Holding companies accountable
Around a dozen states, including California, New York, New Jersey, Oregon, Vermont, Maine and Hawaii, have implemented statewide plastic bag bans. Hundreds of municipalities, especially in the Northeast, West Coast and Hawaii, have local regulations in place.
“These regulations are a significant driver behind retailer action,” Cloyd said. “Many chains, such as Walmart, Wegmans and Trader Joe’s, have phased out plastic bags in states with bans and often extend those policies chain-wide for consistency. The regulatory momentum continues to build, reinforcing the industry-wide push toward plastic reduction and sustainable alternatives.”

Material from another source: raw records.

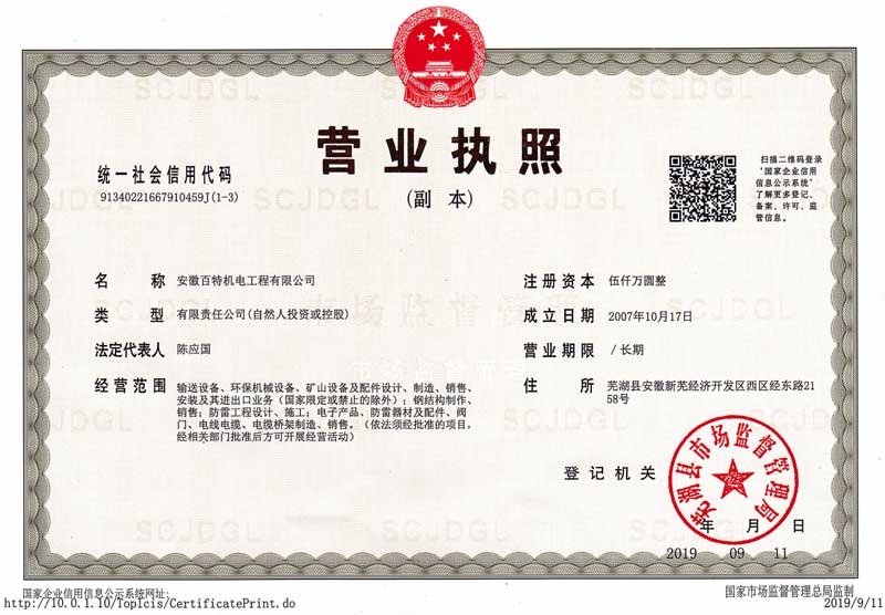 安徽百特機電工程有限公司是一家集環保和輸送一體的生產型企業,在輸送行業通過自主設計的下行膠帶輸送機利用勢能差,進行轉化為電能并入電網,是潔凈能源的綜合利用的科技型企業;同時在垃圾處理行業上的廣泛利用對處理混合收集的原生活垃圾組進行初步處理和物理性分離。同時將原生生活垃圾組分中的無機物(磚瓦石塊,砂土、玻璃等)進行分離。目前公司正朝著現代物流無人分揀輸送包括顏色、重量 還有二維碼等等的分揀技術的發展,同時對檢索機器人智能制造的設計與應用已經開展生產,公司現有從設計到工藝編制及管理全過程微機進行,快速、準確、高效,所有設計始終堅持產品開發的3E性:高效節能性(Efficent) 、經濟性(Economical) 、環保性(Environmentai)。并與行業科研機構、國外技術領先企業、業內技術權威人士保持良好的合作與聯系。吸收、借鑒國外先進技術,致力于不斷提升產品3E與制造技術,同時不斷地開拓新技術產品。產品已銷售至全國30多個省、市、自治區,部分產品出口中亞、東南亞、南亞、非洲和南美等二十多個國家和地區,產品深受國內外用戶信賴。持續的質量改進是百特永恒的主題,高質量的輸送產品為您排憂解難,全方位的技術服務使您得心應手,我們堅持以上乘的品質、優質的服務回饋新老客戶。百特人將一如既往地發揚“求真務實、 銳意進取、不斷創新”的企業精神,希望通過我們的努力,為我國輸送機械行業的可持續發展做出更大的貢獻!最后用一句公司的理念來概括:沒有最好,只有更好There is no best., only better!
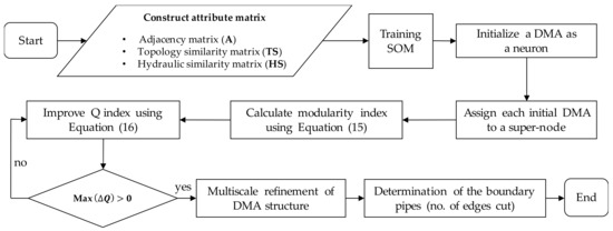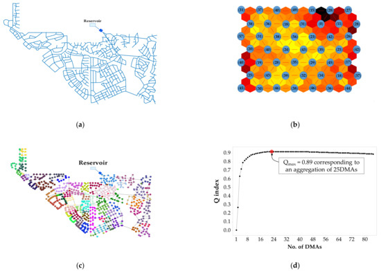 - Recently, an artificial neural network (ANN) approach, called self-organizing map (SOM) [47], was applied to a WDN clustering [7,48]. However, the related studies did not consider the hydraulic features and network topology of the generated DMAs.
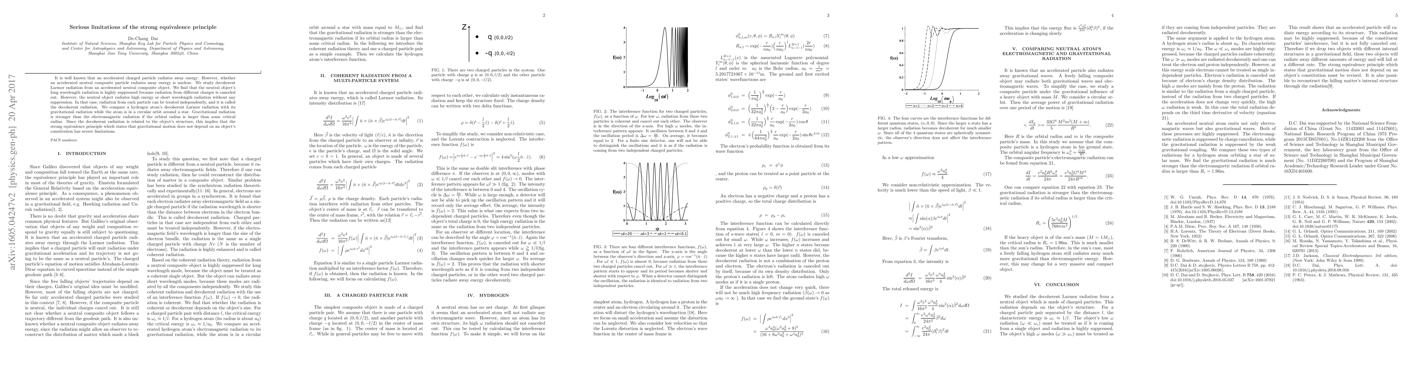 It is well known that an accelerated charged particle radiates away energy. However, whether an accelerated neutral composite particle radiates away energy is unclear. We study decoherent Larmor radiation from an accelerated neutral composite object. We find that the neutral object's long wavelength radiation is highly suppressed because radiation from different charges is canceled out. However, the neutral object radiates high energy or short wavelength radiation without any suppression. In that case, radiation from each particle can be treated independently, and it is called the decoherent radiation. We compare a hydrogen atom's decoherent Larmor radiation with its gravitational radiation while the atom is in a circular orbit around a star. Gravitational radiation is stronger than the electromagnetic radiation if the orbital radius is larger than some critical radius. Since the decoherent radiation is related to the object's structure, this implies that the strong equivalence principle which states that gravitational motion does not depend on an object's constitution has severe limitations..
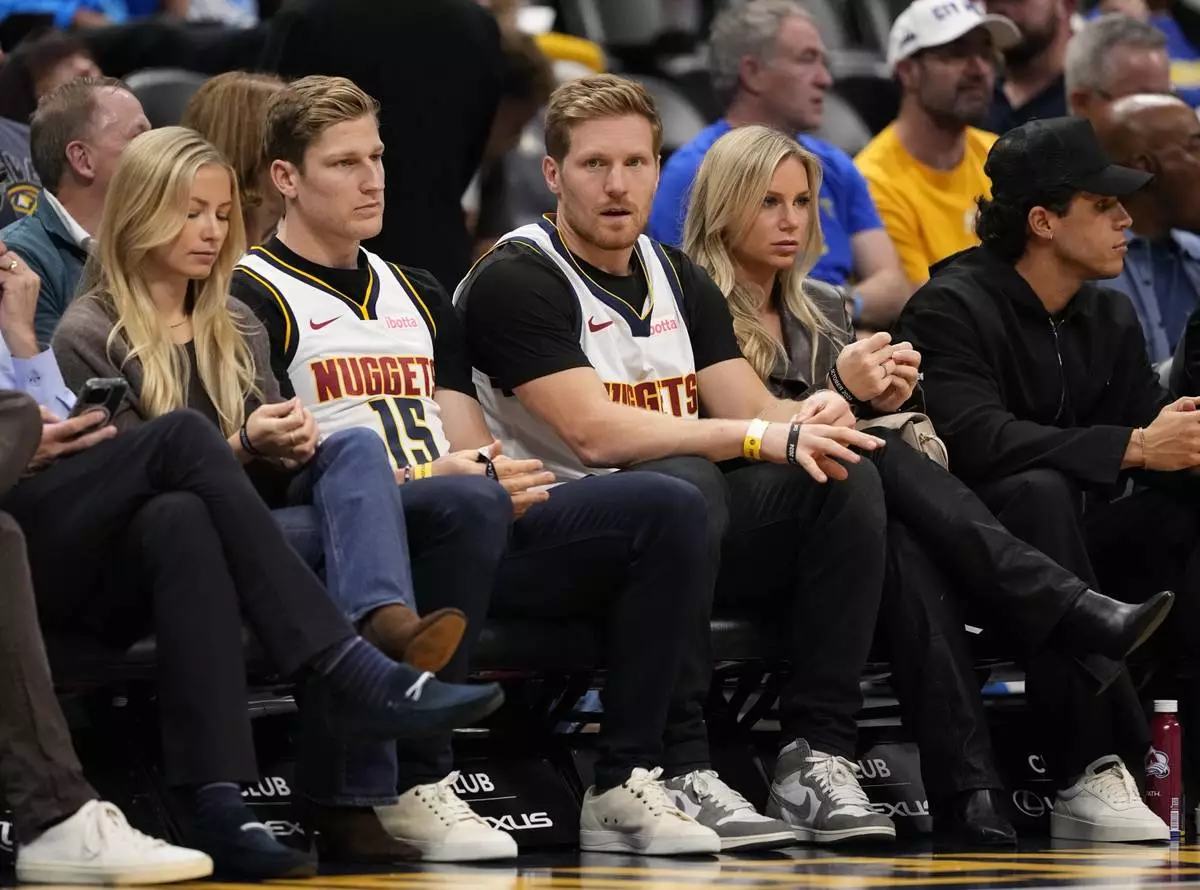 Colorado Avalanche players Nathan MacKinnon, left, and Gabriel Landeskog attend the first half of an NBA basketball game between the Denver Nuggets and the Los Angeles Clippers, Saturday, Oct. 26, 2024, in Denver. (AP Photo/Jack Dempsey)
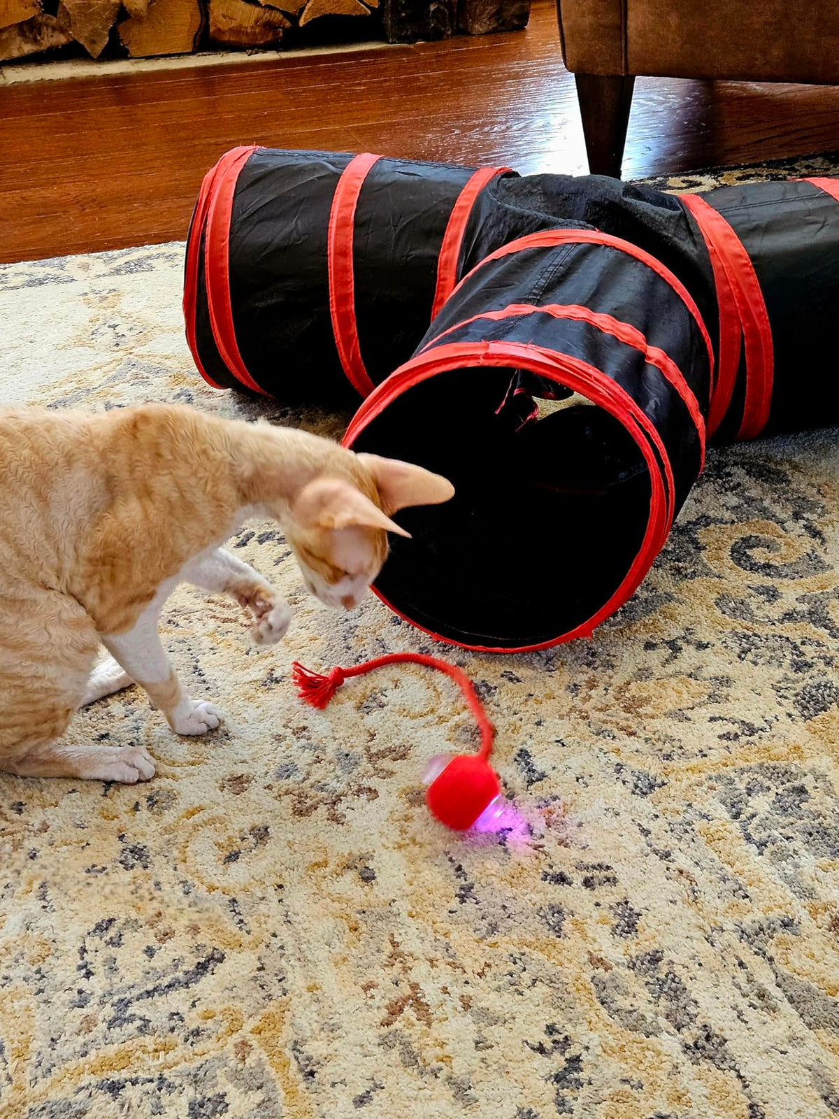 Katte er jægere af natur. At lege med en stillestående bold eller et tøjdyr er ikke nok – de har brug for at jage noget, der bevæger sig rigtigt, for at have det godt mentalt.
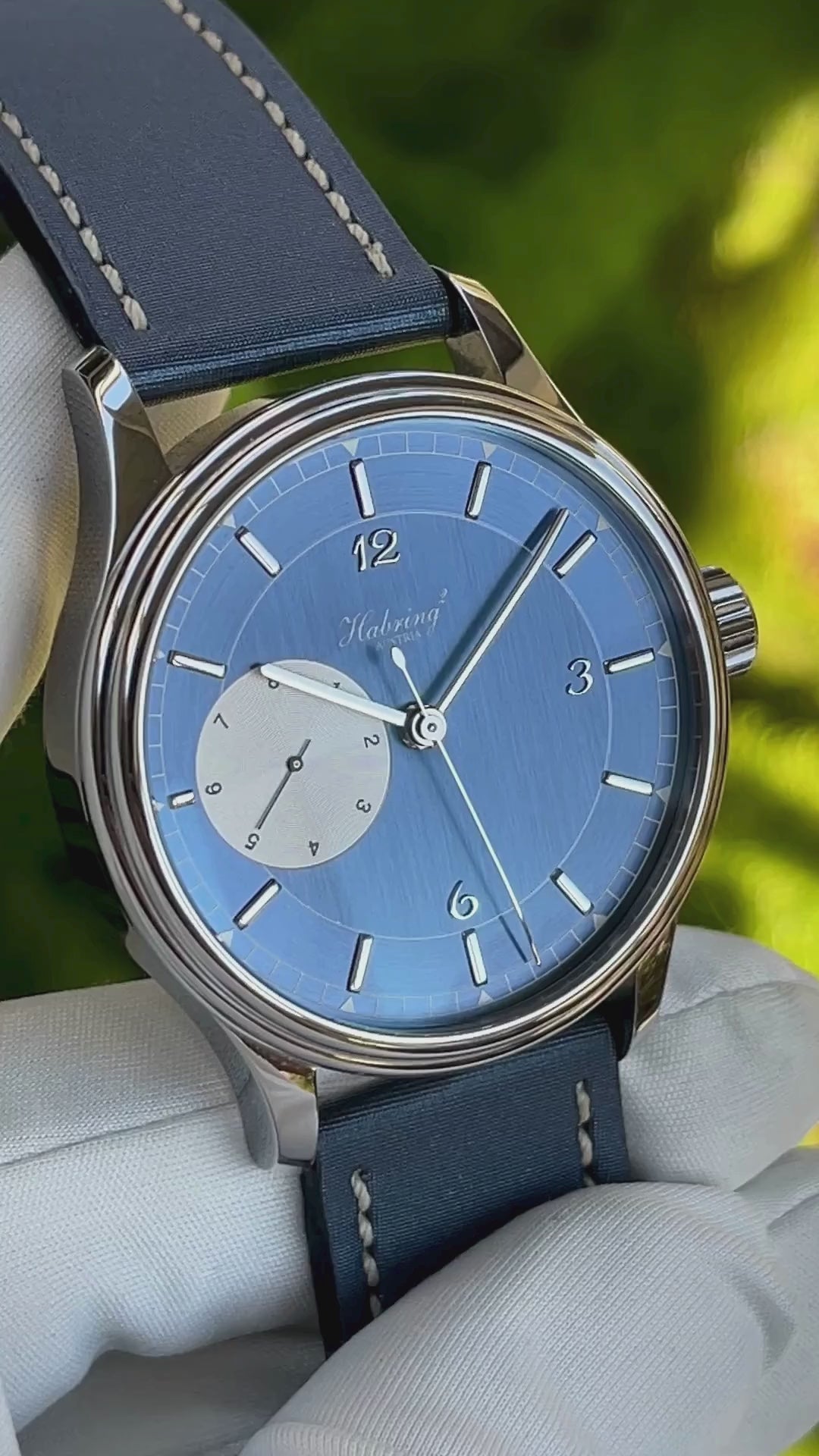 The stainless case measures 42mm x 14.5mm x 52mm lug-to-lug and is attached to the original and well kept Habring² strap. Furnished w/ Box & Papers, Serial# 01-2015.

Other major companies have recently walked back on previous environmental or sustainability commitments. Last month, Coca-Cola said it abandoned its previous pledge to reduce the use of virgin plastic between 2020 and 2025 and sell 25% of its beverages in refillable or returnable packaging by 2030. Walmart also said in December that, due to energy policy and infrastructure, it expects to miss its 2025 and 2030 greenhouse gas emissions reduction targets set in 2020.
“This has been a trend among companies for decades, a lot of talking the talk but not walking the walk,” Melissa Valliant, communications director for Beyond Plastics, a nonprofit organization that aims to reduce plastic use — including both bags and other forms of packaging — and production through grassroots organizing, education, advocacy and policy changes. “They fall in line with a lot of companies that are not on track to meet the goals that they’ve set around reducing plastic.”
Valliant said the organization is more focused on pursuing policy measures to force plastic reduction measures than relying on retailers to make their own operational changes.
“At the end of the day, policy is what’s going to move us forward here, we can’t rely on companies to change when they’ve been doing the same thing for a half a century, and we’ve known for nearly half a century that this was a problem,” Valliant said. “It’s critical that our policymakers actually take meaningful action, hold companies accountable and require them to reduce the amount of plastic they’re using, and I’m not talking about recycling commitments.”